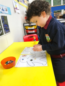 The sound of the week was ‘p’ and the children enjoyed playing ‘I spy’ in the classroom. They are now very good at recognising if the sound is bouncy or stretchy.
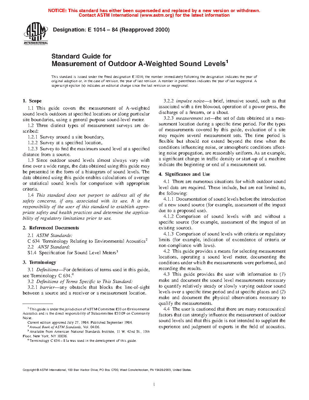 1.3 Since outdoor sound levels almost always vary with time over a wide range, the data obtained using this guide may be presented in the form of a histogram of sound levels. The data obtained using this guide enables calculations of average or statistical sound levels for comparison with appropriate criteria.
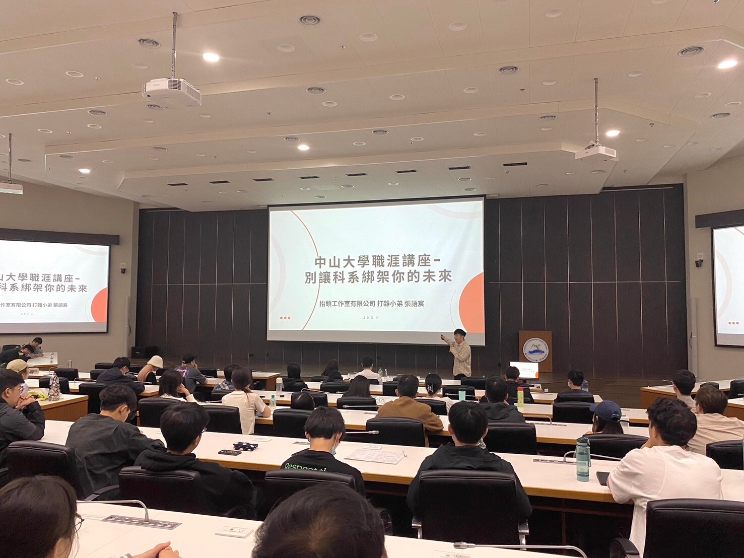 別讓科系綁架你的未來,不斷學習的人生將充滿無限可能性!中山大學管理學院職涯發展辦公室於3月20日舉辦「大學之道職涯講座-別讓科系綁架你的未來」,邀請畢業於中山人管所的林瑋志顧問(現職帝亞吉歐人資總監)和張語宸學長(現職抬頭工作室負責人)來向同學分享自我成長故事,吸引超過100位中山學生前來聆聽。
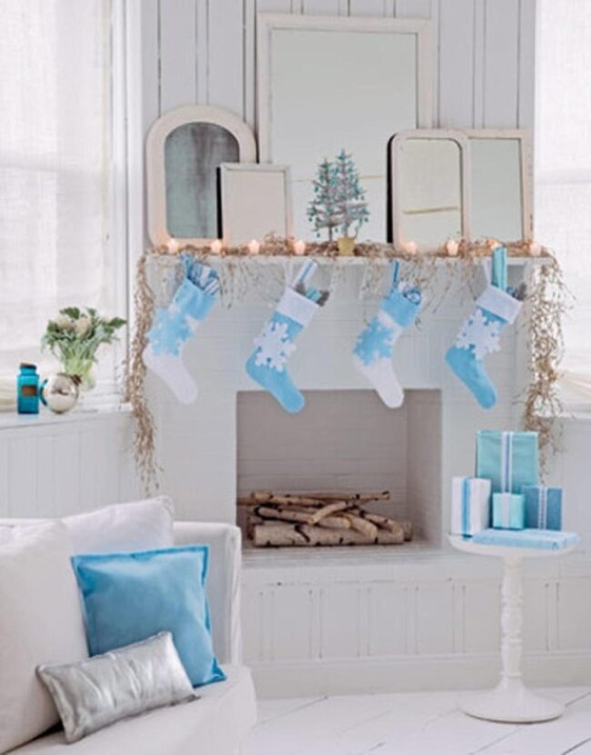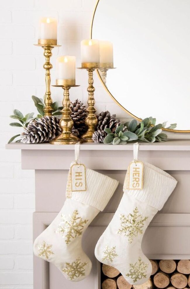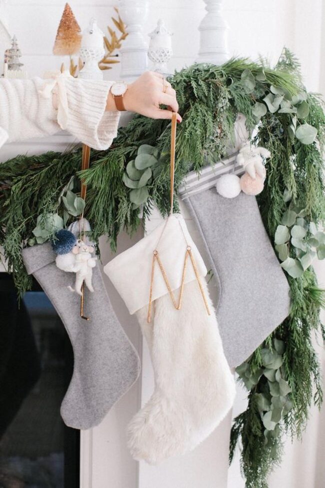 Your living space will radiate understated holiday cheer with these elegant stocking displays that celebrate winter's quiet beauty.
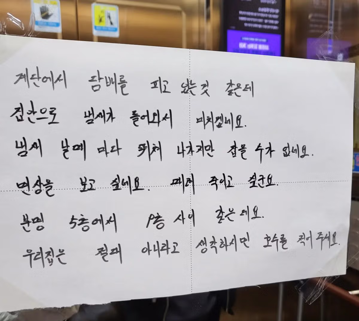 생활의 지혜 : 각층 계단 근처 소화전 뒤져보면 거기에 담배나 재떨이 숨겨놓는 경우가 많아서 범인 색출할 가능성 높아짐
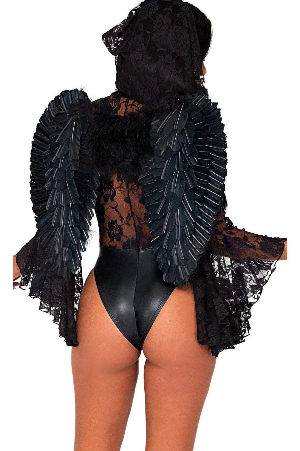 Roma Costumes 1pc Dark Angels Lust lace body suit with flowing long sleeves to add that extra edginess. This bodysuit has a deep V neckline and bottom half is made with a patent material.
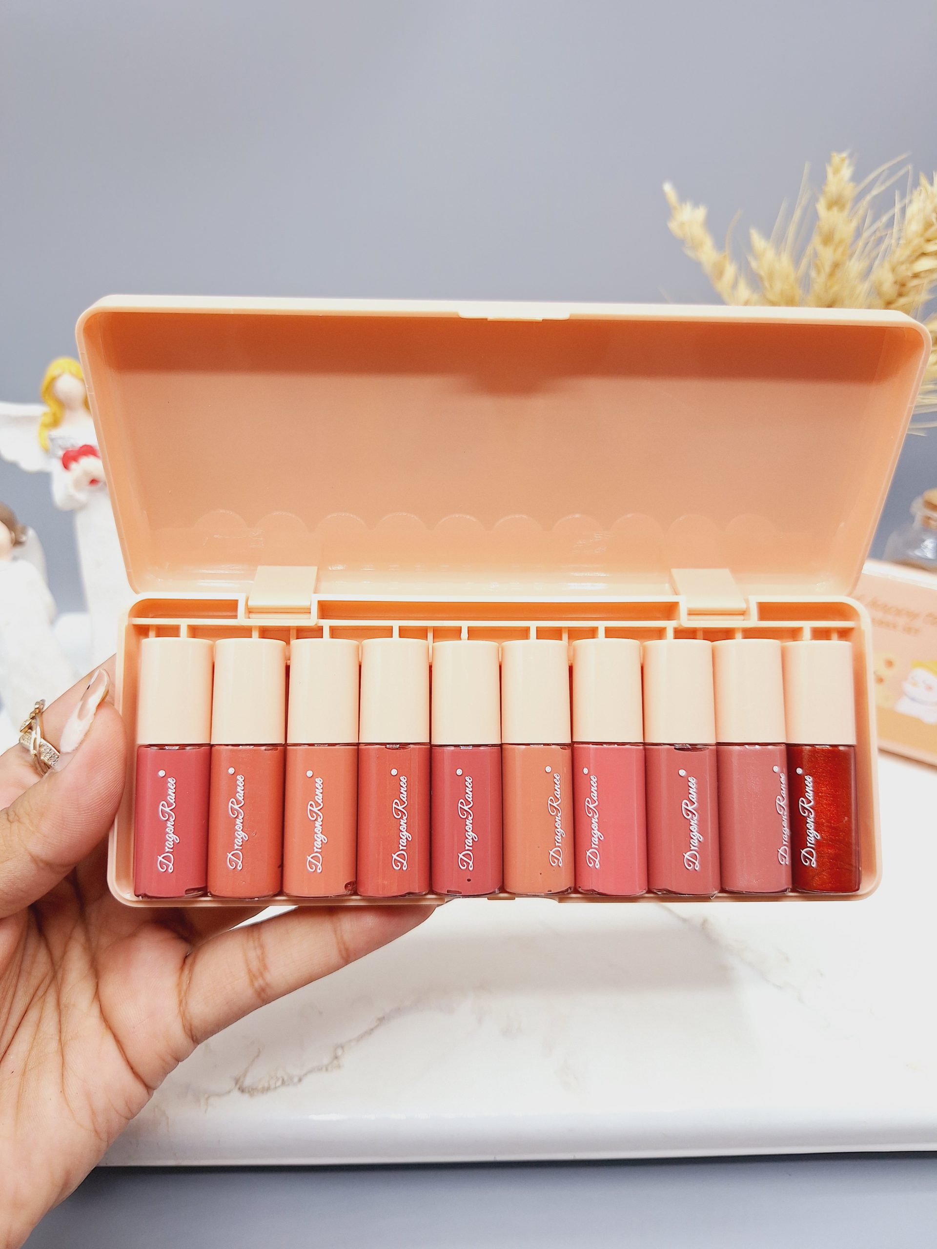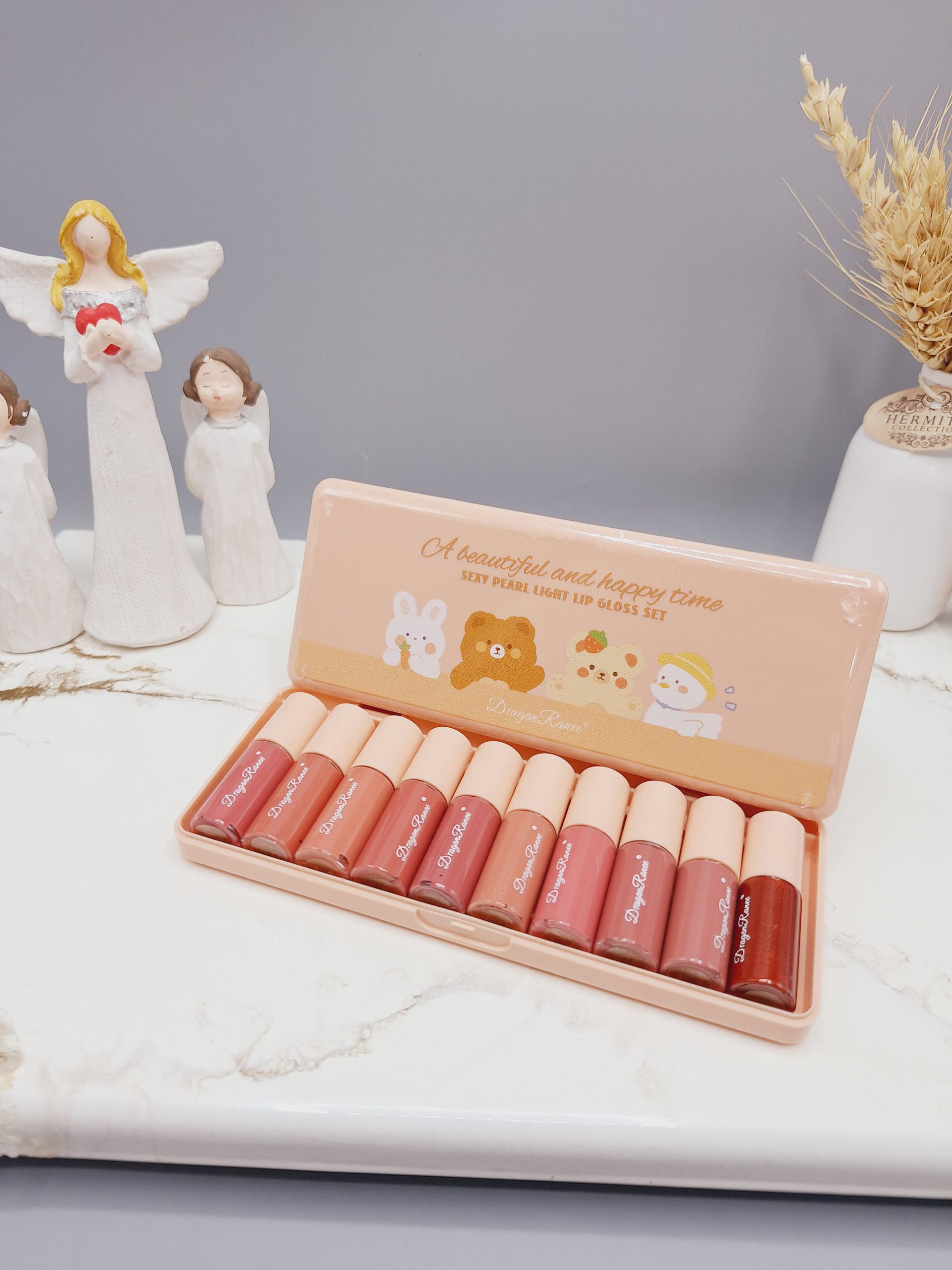 پک 10 تایی رژ مایع خوش رنگ طرح خرسی برند Dragon Rance کد RD86
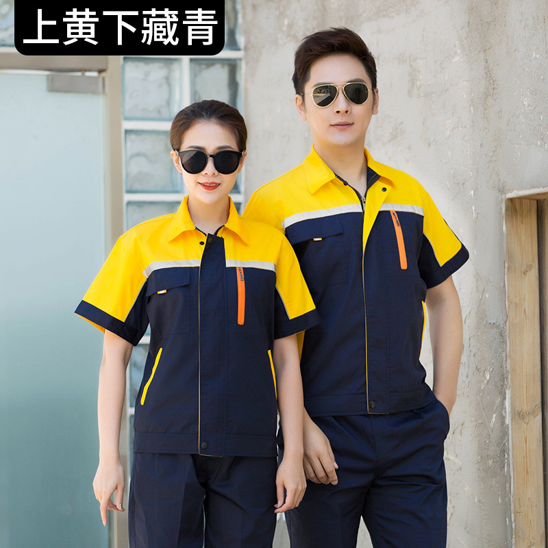 • 商品名称:君御JY-S2607夏季全工艺涤棉薄款糖果拼接短袖工作服套装藏蓝配灰

•••

_Try it_. Write every record out again exactly, omitting the pictures they hold.

_Solution to the problem_.
 The sound of the week was ‘p’ and the children enjoyed playing ‘I spy’ in the classroom. They are now very good at recognising if the sound is bouncy or stretchy.
 1.3 Since outdoor sound levels almost always vary with time over a wide range, the data obtained using this guide may be presented in the form of a histogram of sound levels. The data obtained using this guide enables calculations of average or statistical sound levels for comparison with appropriate criteria.
 別讓科系綁架你的未來,不斷學習的人生將充滿無限可能性!中山大學管理學院職涯發展辦公室於3月20日舉辦「大學之道職涯講座-別讓科系綁架你的未來」,邀請畢業於中山人管所的林瑋志顧問(現職帝亞吉歐人資總監)和張語宸學長(現職抬頭工作室負責人)來向同學分享自我成長故事,吸引超過100位中山學生前來聆聽。
 Your living space will radiate understated holiday cheer with these elegant stocking displays that celebrate winter's quiet beauty.
 생활의 지혜 : 각층 계단 근처 소화전 뒤져보면 거기에 담배나 재떨이 숨겨놓는 경우가 많아서 범인 색출할 가능성 높아짐
 Roma Costumes 1pc Dark Angels Lust lace body suit with flowing long sleeves to add that extra edginess. This bodysuit has a deep V neckline and bottom half is made with a patent material.
 پک 10 تایی رژ مایع خوش رنگ طرح خرسی برند Dragon Rance کد RD86
 • 商品名称:君御JY-S2607夏季全工艺涤棉薄款糖果拼接短袖工作服套装藏蓝配灰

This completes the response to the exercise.